RQ: Dorsett says that Smoke on the Mountain cast new light on the Ten Commandments. He suggests this was because of Joy’s Jewish heritage.

DG: Because of her understanding, her particularly of Jewish ways of thinking, and her particularly Jewish humor, she could see a lot more in that part of the Bible than one might expect. One of the things most evangelical Christians miss altogether is the enormous wealth of Jewish humor that runs through the Bible. People tend to overlook that.

RQ: Throughout her adult life, your mother made many costly choices, choices which had serious, often destabilizing implications for you and your brother. These days, parents are often very committed to ensuring that their children enjoy a stable, well-managed and “safe” childhood. What do you think of your mother’s choices and the values that drove them?
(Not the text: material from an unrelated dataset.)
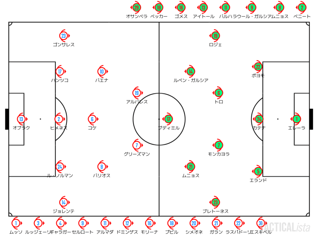 前線ではアルバレスが広い範囲を動きながらの仕掛け。バエナへのラストパスは動き出しも含めて見事の一言だったが、グリーズマンが相手のDFに干渉したということでオフサイドを取られてしまった。

DG: I have to take issue with your premise here. I simply do not believe that these days, parents are very committed to ensuring that their children enjoy a “safe” childhood. If parents to be were committed to their children, they would be far more careful about who they married in the first place. As a psychotherapist working with the Institute of Pregnancy Loss and Child Abuse Research and Recovery, I come into contact all the time with the results of modern parents’ commitments, and they are certainly not first and foremost to their children’s wellbeing. Parents (sadly even “Christian” ones), are committed first to themselves. That said, I think that Mother actually did make choices that were aimed at the very best she could do for her children while at the same time also followed her own desires. The failure of her marriage to Dad was more his doing than hers, and her choice to go to England made very good sense for my brother and me as well as for her.

RQ: There’s a lot of talk these days about family values, which often focuses primarily on the traditional, nuclear family. In many ways your own family history doesn’t fit this model, partly due to circumstance, and partly because of specific choices that Jack and your mother made. What, for Jack and for your mother, comprised “family values”-the principles that they would have seen as crucial and worth defending against negative influences in the larger culture?
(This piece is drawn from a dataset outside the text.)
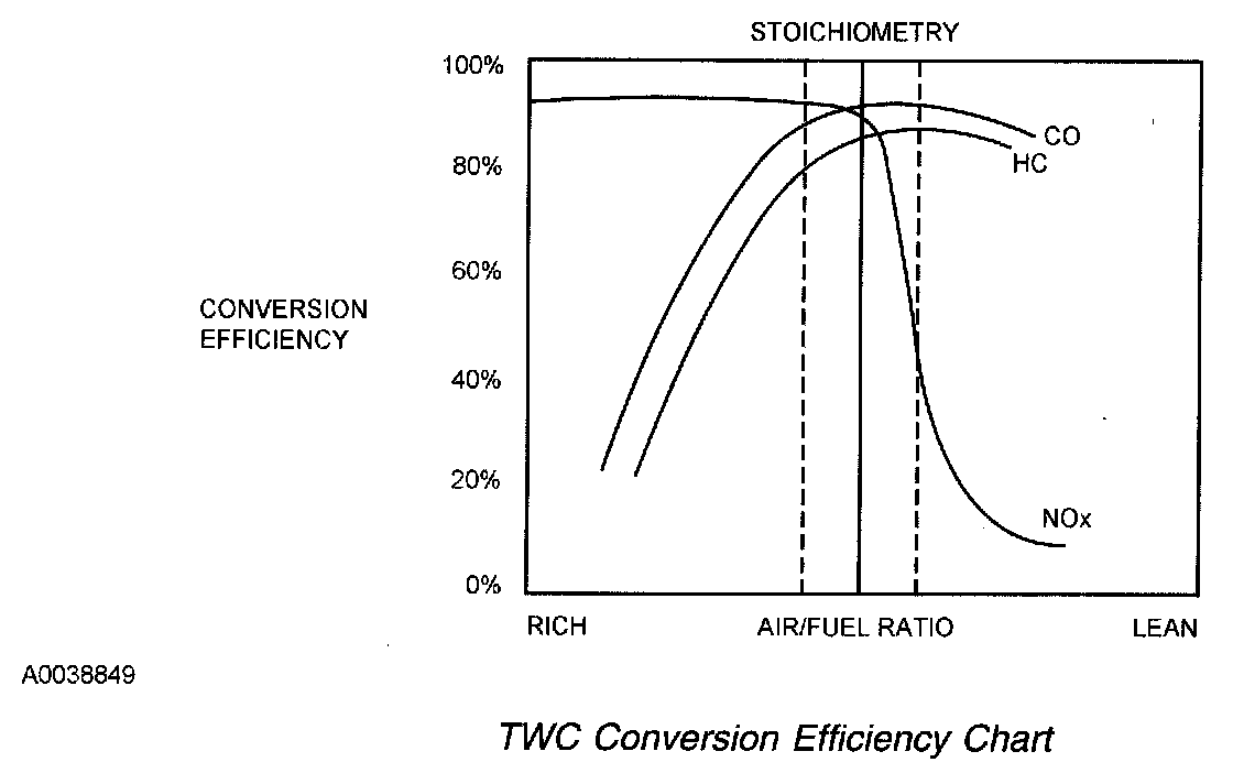 A TWC requires a stoichiometric air/fuel ratio, 14.7 pounds of air to 1 pound of gasoline (14.7:1), for high conversion efficiency. In order to achieve these high efficiencies, the air/fuel ratio must be tightly controlled with a narrow window of stoichiometry. Deviations outside of this window greatly decrease the conversion efficiency. For example a rich mixture decreases the HC and CO conversion efficiency while a lean mixture decreases the NOx conversion efficiency.

DG: The term “family values” is in itself flawed, for there are good family values and bad family values. Jack and Mother saw the structure of the family as being prescribed by the recipes for it in the Bible. The nuclear family is not what the Bible recommends, and the mistaken interpretation of Genesis 2:24, Matt 19:5, Mark 10:7 and Ephesians 5:31 has led to the isolation of nuclear family units. This is a great shame, for it leads to a steady corrosion of what a family should be. The infiltration of Satan’s favourite corrosives, secrets and lies, is far less effective in extended family situations, and both Jack and Mother had seen this in their own families of origin. Had they had the opportunity, I believe they would have loved to have had extended family around them and us, as the Bible implicitly recommends.